Please print the entries below exactly, from the line with "abruzzo, l'aquila, castel" through the line with "Bundesregierung für Werbekampagnen, Inseratenschaltungen", including both of those lines and leaving out all others.

____________________

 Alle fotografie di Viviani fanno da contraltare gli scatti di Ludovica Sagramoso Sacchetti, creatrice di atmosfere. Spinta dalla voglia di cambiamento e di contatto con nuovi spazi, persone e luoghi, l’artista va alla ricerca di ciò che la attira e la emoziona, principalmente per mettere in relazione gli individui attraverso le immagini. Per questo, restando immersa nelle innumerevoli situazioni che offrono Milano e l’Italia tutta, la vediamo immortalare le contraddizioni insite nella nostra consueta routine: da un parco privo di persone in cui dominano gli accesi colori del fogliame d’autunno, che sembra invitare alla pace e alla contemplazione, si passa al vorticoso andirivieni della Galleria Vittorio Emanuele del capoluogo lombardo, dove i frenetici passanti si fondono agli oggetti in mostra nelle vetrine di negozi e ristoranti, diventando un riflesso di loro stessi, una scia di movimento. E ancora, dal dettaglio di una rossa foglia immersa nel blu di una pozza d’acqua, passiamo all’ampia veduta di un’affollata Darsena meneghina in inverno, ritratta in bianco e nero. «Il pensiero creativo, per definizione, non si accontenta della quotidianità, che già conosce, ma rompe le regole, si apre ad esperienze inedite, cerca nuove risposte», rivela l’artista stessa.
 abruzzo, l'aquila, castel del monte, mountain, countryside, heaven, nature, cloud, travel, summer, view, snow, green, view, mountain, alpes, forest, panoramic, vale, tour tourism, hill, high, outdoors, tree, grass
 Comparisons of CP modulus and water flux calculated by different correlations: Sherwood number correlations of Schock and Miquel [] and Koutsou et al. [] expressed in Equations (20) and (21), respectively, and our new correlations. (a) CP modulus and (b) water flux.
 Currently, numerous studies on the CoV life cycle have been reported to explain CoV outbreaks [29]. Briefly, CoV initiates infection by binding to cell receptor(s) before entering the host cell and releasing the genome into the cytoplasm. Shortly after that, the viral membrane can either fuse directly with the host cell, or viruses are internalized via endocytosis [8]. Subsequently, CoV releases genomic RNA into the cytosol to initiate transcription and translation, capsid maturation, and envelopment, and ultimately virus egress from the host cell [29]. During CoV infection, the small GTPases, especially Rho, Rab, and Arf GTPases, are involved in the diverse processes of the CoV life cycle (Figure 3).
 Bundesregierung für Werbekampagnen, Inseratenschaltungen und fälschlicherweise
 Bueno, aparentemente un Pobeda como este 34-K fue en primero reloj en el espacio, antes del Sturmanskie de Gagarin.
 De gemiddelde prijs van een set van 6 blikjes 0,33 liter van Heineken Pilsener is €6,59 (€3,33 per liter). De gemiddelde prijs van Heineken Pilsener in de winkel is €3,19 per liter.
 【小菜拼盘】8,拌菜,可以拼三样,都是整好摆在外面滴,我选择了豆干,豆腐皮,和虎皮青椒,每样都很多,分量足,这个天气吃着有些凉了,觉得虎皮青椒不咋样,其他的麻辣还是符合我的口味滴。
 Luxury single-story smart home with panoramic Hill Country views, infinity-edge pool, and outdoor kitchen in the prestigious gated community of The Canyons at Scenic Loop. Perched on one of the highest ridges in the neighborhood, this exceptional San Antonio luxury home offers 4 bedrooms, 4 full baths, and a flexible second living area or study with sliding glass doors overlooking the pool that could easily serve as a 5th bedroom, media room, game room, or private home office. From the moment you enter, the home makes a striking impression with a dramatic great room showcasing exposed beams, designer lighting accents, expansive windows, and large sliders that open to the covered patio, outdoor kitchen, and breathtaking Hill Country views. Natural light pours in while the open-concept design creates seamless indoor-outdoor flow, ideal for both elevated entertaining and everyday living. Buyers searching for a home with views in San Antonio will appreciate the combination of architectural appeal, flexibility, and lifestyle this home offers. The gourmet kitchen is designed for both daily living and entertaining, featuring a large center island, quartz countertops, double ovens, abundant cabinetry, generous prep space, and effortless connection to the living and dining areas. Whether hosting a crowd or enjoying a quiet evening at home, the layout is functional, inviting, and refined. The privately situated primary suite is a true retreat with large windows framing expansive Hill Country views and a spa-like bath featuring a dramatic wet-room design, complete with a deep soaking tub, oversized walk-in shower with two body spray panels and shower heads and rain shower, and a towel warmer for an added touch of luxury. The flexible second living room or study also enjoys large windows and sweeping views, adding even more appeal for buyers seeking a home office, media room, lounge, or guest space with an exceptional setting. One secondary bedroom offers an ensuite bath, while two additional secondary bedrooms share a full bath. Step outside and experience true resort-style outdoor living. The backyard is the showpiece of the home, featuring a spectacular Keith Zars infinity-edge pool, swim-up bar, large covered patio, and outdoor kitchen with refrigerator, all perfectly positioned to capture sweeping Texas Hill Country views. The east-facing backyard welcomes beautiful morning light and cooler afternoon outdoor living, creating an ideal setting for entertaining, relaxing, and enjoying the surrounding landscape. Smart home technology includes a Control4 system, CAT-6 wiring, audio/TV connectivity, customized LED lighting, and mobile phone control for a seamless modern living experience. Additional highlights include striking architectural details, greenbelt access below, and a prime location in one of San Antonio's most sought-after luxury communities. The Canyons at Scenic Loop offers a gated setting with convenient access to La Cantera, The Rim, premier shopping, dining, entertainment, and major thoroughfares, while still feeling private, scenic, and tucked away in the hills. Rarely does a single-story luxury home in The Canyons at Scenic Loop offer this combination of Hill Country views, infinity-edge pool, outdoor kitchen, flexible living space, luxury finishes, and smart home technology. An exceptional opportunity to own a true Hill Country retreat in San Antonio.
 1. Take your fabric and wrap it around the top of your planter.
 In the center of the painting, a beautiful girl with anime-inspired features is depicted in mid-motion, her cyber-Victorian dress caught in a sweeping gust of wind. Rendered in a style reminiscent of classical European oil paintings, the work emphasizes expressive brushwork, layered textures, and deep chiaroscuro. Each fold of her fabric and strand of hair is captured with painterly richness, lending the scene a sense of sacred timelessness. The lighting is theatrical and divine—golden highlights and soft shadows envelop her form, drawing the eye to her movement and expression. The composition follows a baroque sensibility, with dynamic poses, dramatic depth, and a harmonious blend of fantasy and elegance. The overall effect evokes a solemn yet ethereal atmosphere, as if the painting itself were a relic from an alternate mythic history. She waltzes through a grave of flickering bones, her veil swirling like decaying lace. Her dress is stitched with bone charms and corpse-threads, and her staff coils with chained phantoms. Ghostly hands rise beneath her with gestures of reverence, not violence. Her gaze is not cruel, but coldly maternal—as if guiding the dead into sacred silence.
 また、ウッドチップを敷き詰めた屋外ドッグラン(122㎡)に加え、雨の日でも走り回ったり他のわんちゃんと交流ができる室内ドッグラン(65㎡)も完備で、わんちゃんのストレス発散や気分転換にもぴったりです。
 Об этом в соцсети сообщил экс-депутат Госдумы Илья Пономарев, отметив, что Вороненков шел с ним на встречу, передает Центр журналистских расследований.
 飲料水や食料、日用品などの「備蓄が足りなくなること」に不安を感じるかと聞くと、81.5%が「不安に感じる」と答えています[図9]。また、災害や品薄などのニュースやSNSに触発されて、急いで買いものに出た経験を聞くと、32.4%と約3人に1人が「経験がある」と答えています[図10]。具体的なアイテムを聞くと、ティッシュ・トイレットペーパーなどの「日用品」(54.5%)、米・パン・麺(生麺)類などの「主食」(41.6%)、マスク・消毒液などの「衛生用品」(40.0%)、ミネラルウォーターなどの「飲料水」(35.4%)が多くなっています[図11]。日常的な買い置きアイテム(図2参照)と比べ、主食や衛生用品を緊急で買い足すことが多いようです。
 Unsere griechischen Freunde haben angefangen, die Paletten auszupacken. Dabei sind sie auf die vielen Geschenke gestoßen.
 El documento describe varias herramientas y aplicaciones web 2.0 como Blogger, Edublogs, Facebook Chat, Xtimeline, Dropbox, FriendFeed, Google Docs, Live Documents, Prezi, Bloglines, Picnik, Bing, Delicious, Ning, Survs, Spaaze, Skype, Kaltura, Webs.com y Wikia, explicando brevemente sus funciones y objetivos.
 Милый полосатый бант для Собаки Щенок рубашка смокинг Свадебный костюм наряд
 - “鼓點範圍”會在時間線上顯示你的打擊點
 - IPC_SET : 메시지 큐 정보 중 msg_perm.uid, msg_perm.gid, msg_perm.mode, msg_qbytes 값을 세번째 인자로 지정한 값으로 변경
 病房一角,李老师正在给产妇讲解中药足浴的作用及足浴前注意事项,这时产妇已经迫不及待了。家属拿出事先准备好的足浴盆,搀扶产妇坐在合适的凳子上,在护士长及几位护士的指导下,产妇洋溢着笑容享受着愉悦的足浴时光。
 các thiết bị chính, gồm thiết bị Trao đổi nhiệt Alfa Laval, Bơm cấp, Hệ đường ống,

____________________

• [RESPONSE TO THE TASK]
 abruzzo, l'aquila, castel del monte, mountain, countryside, heaven, nature, cloud, travel, summer, view, snow, green, view, mountain, alpes, forest, panoramic, vale, tour tourism, hill, high, outdoors, tree, grass
 Comparisons of CP modulus and water flux calculated by different correlations: Sherwood number correlations of Schock and Miquel [] and Koutsou et al. [] expressed in Equations (20) and (21), respectively, and our new correlations. (a) CP modulus and (b) water flux.
 Currently, numerous studies on the CoV life cycle have been reported to explain CoV outbreaks [29]. Briefly, CoV initiates infection by binding to cell receptor(s) before entering the host cell and releasing the genome into the cytoplasm. Shortly after that, the viral membrane can either fuse directly with the host cell, or viruses are internalized via endocytosis [8]. Subsequently, CoV releases genomic RNA into the cytosol to initiate transcription and translation, capsid maturation, and envelopment, and ultimately virus egress from the host cell [29]. During CoV infection, the small GTPases, especially Rho, Rab, and Arf GTPases, are involved in the diverse processes of the CoV life cycle (Figure 3).
 Bundesregierung für Werbekampagnen, Inseratenschaltungen und fälschlicherweise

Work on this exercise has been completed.